Konjaku Monogatarishū, contes des renards (vers 1120)
Un renard, prenant l'apparence d'une belle femme, vint trouver les voyageurs sur la route au crépuscule ; mais les chiens l'ayant flairé, il reprit sa forme véritable et s'enfuit dans les champs.
Ashiya Dōman Ōuchi Kagami, poème d'adieu de Kuzunoha (pièce de 1734 (légende médiévale))
« Si tu m'aimes, viens me chercher : dans la forêt de Shinoda, au pays d'Izumi, la feuille de kudzu pleine de rancœur (Kuzunoha). »
Sesshō-seki (La Pierre qui tue), pièce de nō (XVe siècle)
L'esprit de Tamamo-no-Mae confesse au moine qu'elle fut le renard à neuf queues qui ensorcela l'empereur, et que, chassée à coups de flèches sur la lande de Nasu, elle devint une pierre empoisonnée tuant tout ce qui l'approche.

Lieux clés

Sanctuaire Fushimi Inari (Kyoto)

Principal sanctuaire d'Inari, célèbre pour ses milliers de torii rouges et ses statues de renards. Cœur historique du culte dont le kitsune est le messager.

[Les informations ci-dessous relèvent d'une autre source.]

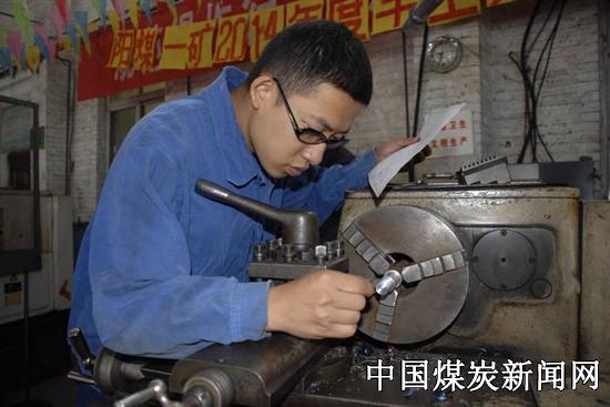 【本网讯】7月25日,山西阳煤一矿2014年车工技术比武现场,选手正在进行偏心螺丝的制作。
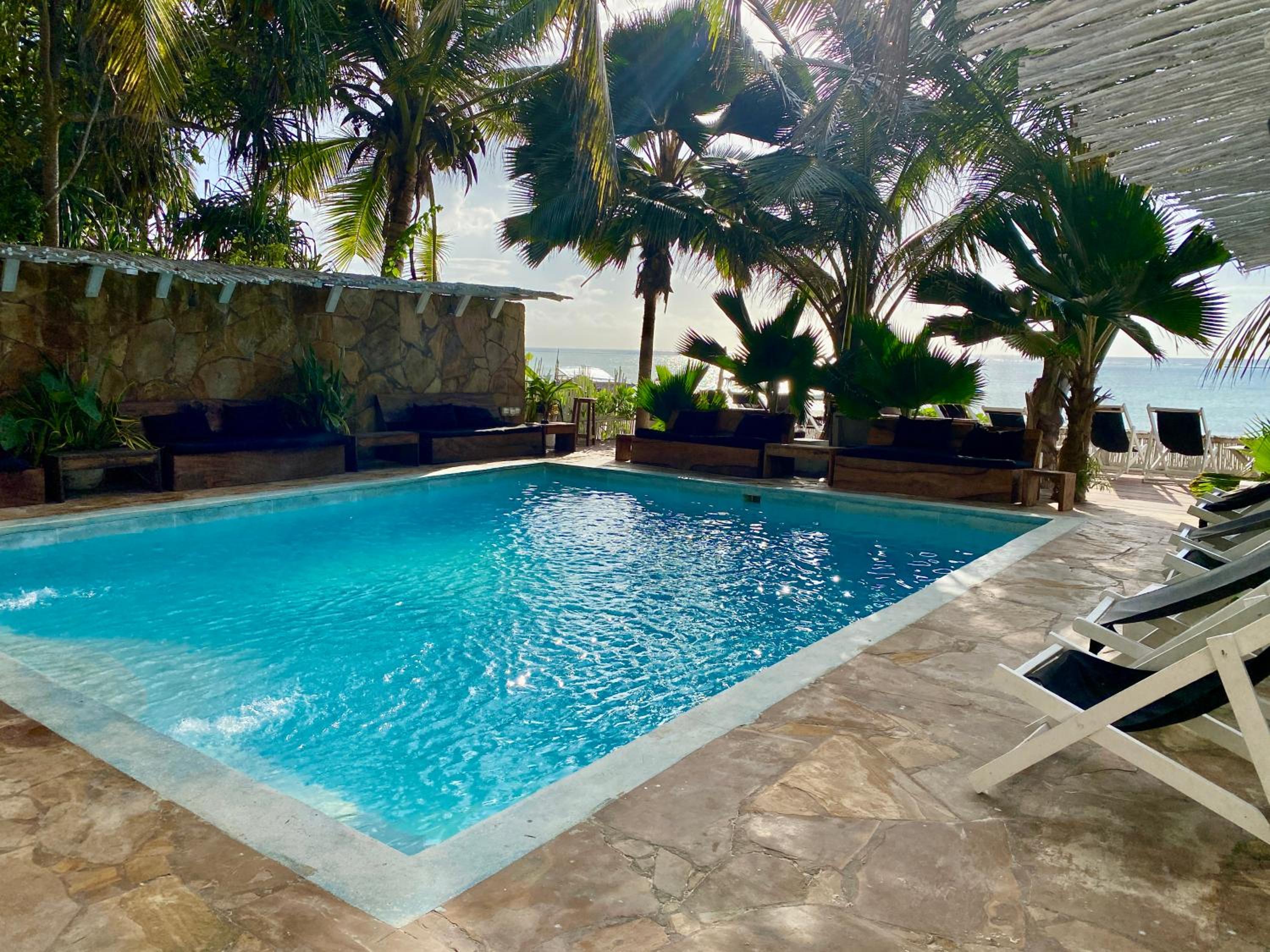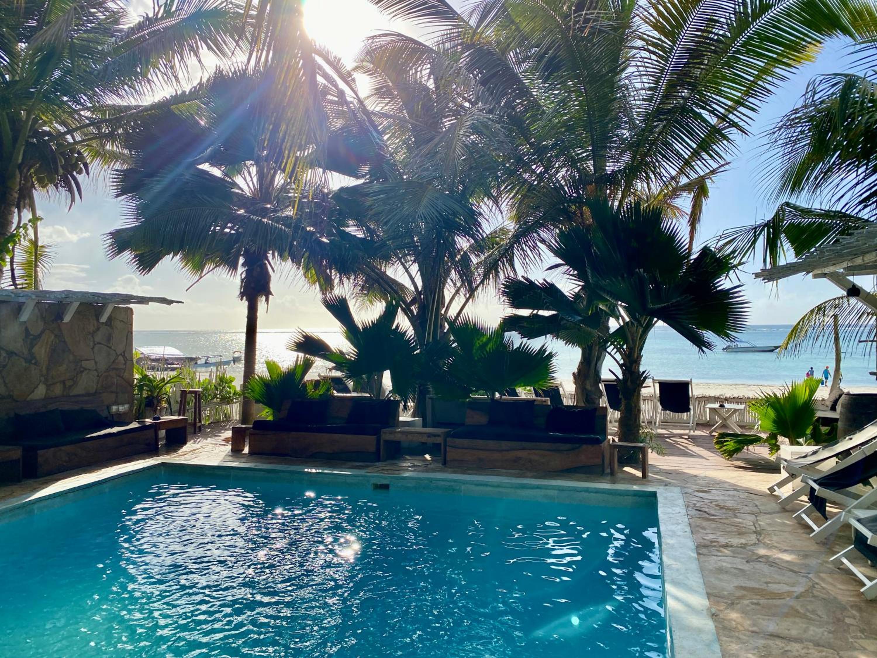 Le personnel était très accueillant, notamment Amina à la réception. Nous avons apprécié l’emplacement, pieds dans l’eau, la piscine et les nombreux espaces pour s’assoir dans le jardin. La chambre était propre et donnait sur les palmiers du jardin. Nous recommandons !

Pierre qui tue, mont Nasu (Tochigi)

Rocher volcanique où l'esprit de Tamamo-no-Mae, le renard à neuf queues, se serait emprisonné après sa mort. La pierre s'est fendue en deux en 2022.

Forêt de Shinoda (Izumi, Osaka)

Bois légendaire où vivait la renarde Kuzunoha avant d'épouser un humain et de mettre au monde le futur onmyōji Abe no Seimei.

Sanctuaire Ōji Inari (Tokyo)

Sanctuaire réputé pour le rassemblement nocturne des renards à la Saint-Sylvestre, immortalisé par l'estampe de Hiroshige. Une procession costumée y a lieu chaque 31 décembre.

Heian-kyō (Kyoto)

Ancienne capitale impériale, théâtre de nombreux récits de cour où des renards déguisés en femmes séduisent nobles et empereurs.